### What the exercise asks
Everything in the data except the pictures belongs in your answer, copied exactly.

### Data provided
◇ ◇ ◇ ◇ ◇

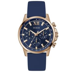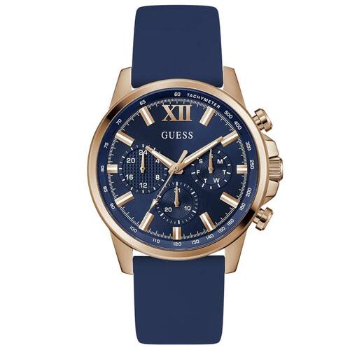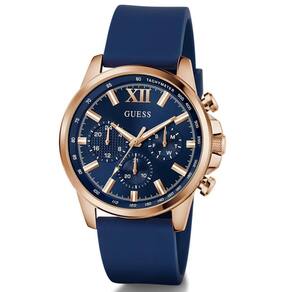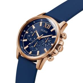 Relógio Guess Masculino Multifunção GW0913G1 Rose Guess, a marca Californiana criadas para pessoas que gostam de luxo e elegância Os Relógios Guess possuem design próprio que realçam sua beleza e seu lifestyle. A linha Guess Masculino tem o conceito de trazer a sofisticação para o Homem moderno. Especificações Técnicas Mecanismo: Analógico Quartzo Gênero: Masculino Visor: azul Vidro: Cristal mineral Prova d'água: 50m Características: cronógrafo e pulseira de silicone Diâmetro da caixa: 44 mm : 1 ano pela fabricante Guess Marca: Não Informado Ean: 7909669198635
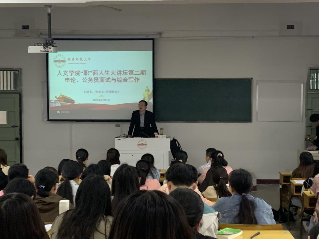 4月21日下午,伟德国际1949始于英国“职”面人生大讲坛第二期——“申论、公务员面试与综合写作”在教学楼214教室举行。华图教育专职老师张亚东受邀担任主讲,伟德国际1949始于英国各专业本科生一百余名学生参加讲座。
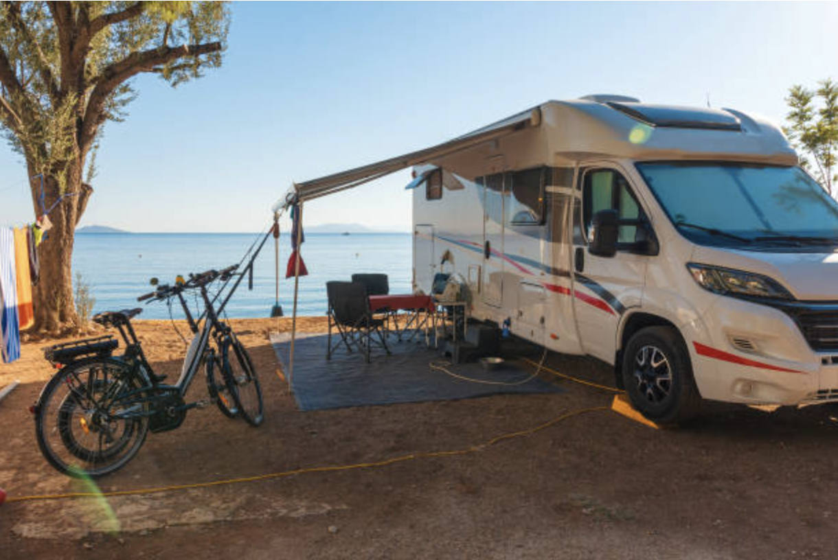 サイドオーニングはキャンピングカーや車両の側面に取り付ける日よけ・雨よけの装備で、タープのような役割となるアイテムです。車への取り付けも比較的簡単なため、初めての方でも気軽に使えますよ。
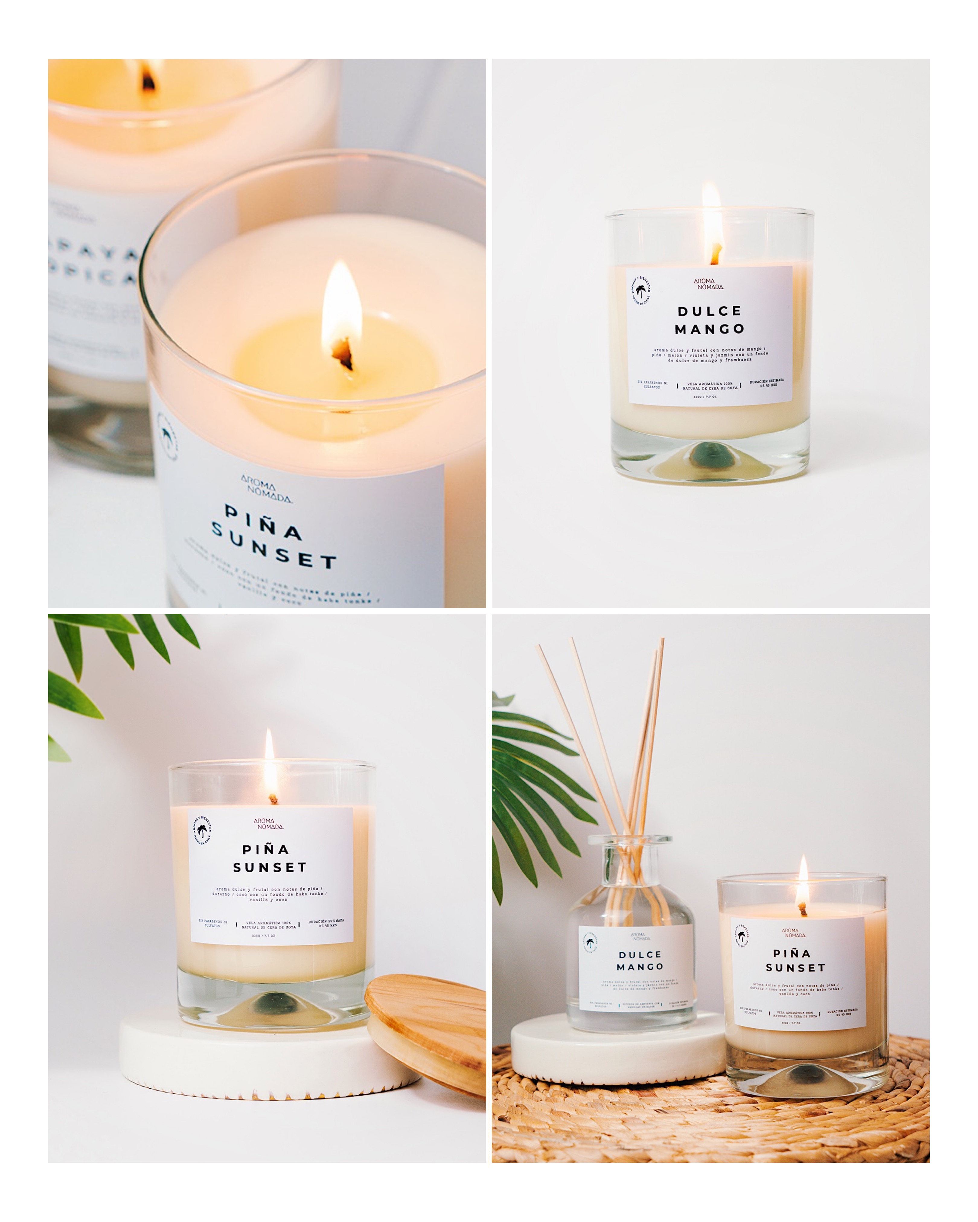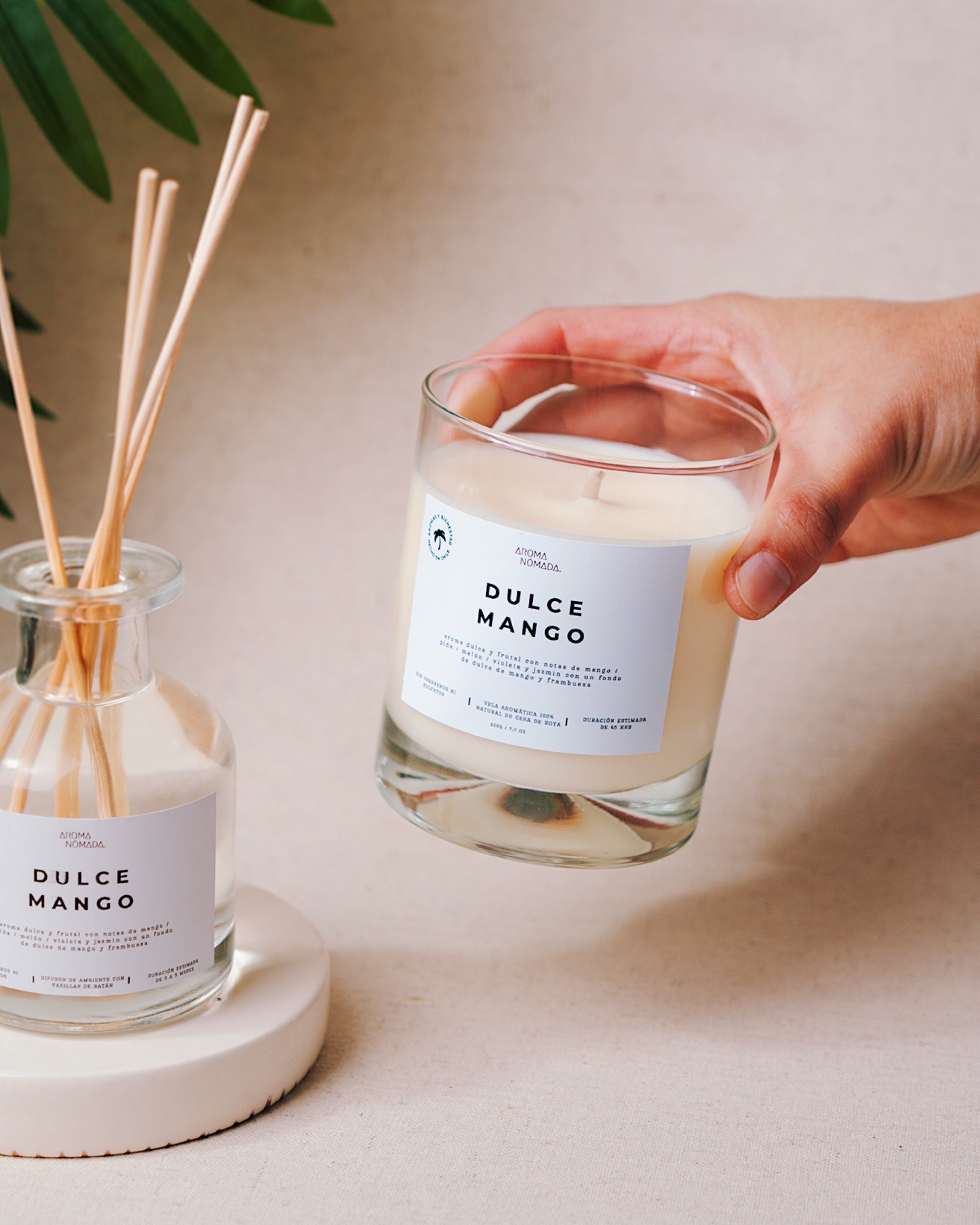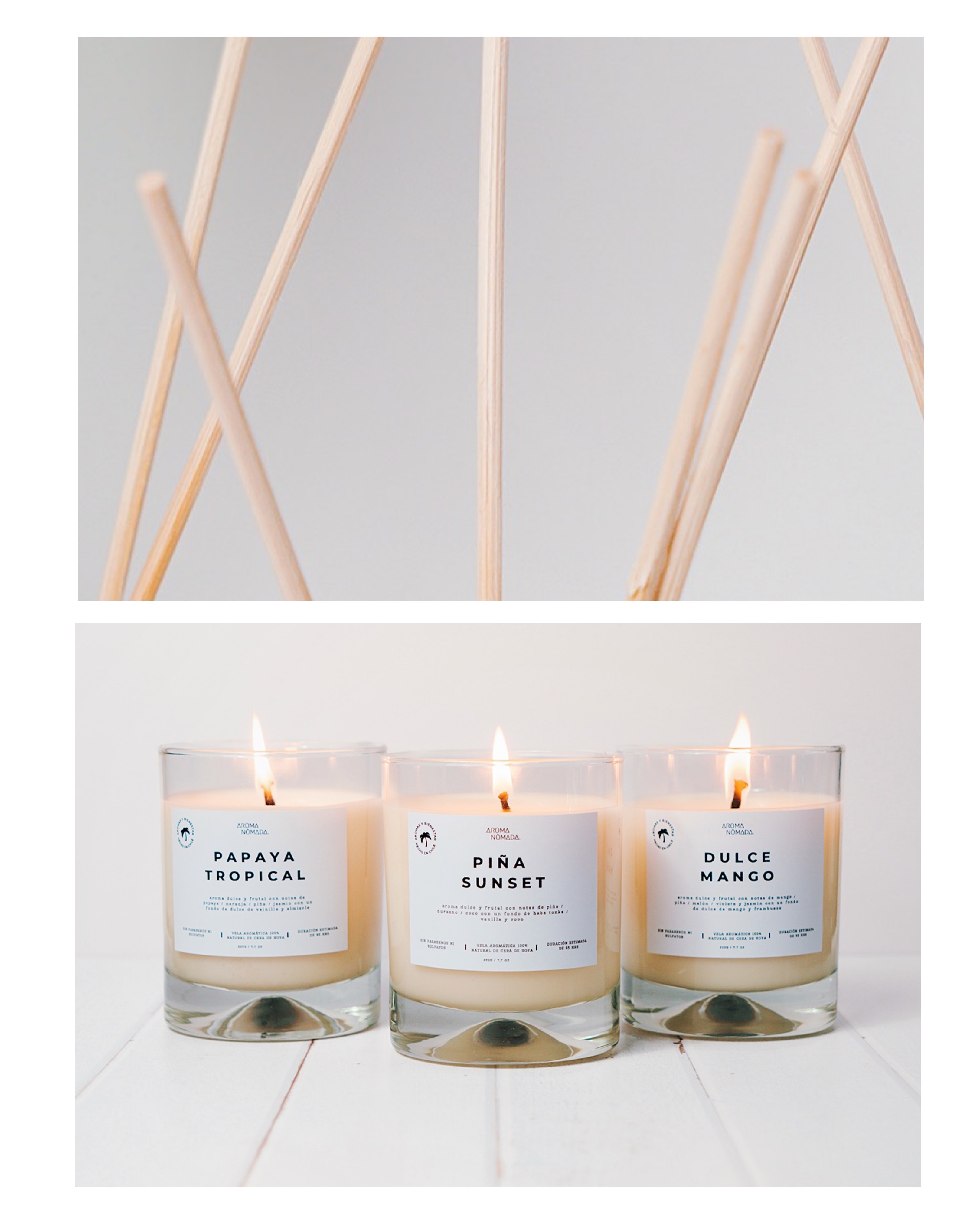 Fotografía de productos para la web de Aroma Nómada, marca chilena de velas y aromatizadores artesanales. Las imágenes exploran una estética minimalista que busca transmitir calma y una identidad inspirada en aromas tropicales y un espíritu libre de vibra playera.

◇ ◇ ◇ ◇ ◇

### Response area
 Relógio Guess Masculino Multifunção GW0913G1 Rose Guess, a marca Californiana criadas para pessoas que gostam de luxo e elegância Os Relógios Guess possuem design próprio que realçam sua beleza e seu lifestyle. A linha Guess Masculino tem o conceito de trazer a sofisticação para o Homem moderno. Especificações Técnicas Mecanismo: Analógico Quartzo Gênero: Masculino Visor: azul Vidro: Cristal mineral Prova d'água: 50m Características: cronógrafo e pulseira de silicone Diâmetro da caixa: 44 mm : 1 ano pela fabricante Guess Marca: Não Informado Ean: 7909669198635
 4月21日下午,伟德国际1949始于英国“职”面人生大讲坛第二期——“申论、公务员面试与综合写作”在教学楼214教室举行。华图教育专职老师张亚东受邀担任主讲,伟德国际1949始于英国各专业本科生一百余名学生参加讲座。
 サイドオーニングはキャンピングカーや車両の側面に取り付ける日よけ・雨よけの装備で、タープのような役割となるアイテムです。車への取り付けも比較的簡単なため、初めての方でも気軽に使えますよ。
 Fotografía de productos para la web de Aroma Nómada, marca chilena de velas y aromatizadores artesanales. Las imágenes exploran una estética minimalista que busca transmitir calma y una identidad inspirada en aromas tropicales y un espíritu libre de vibra playera.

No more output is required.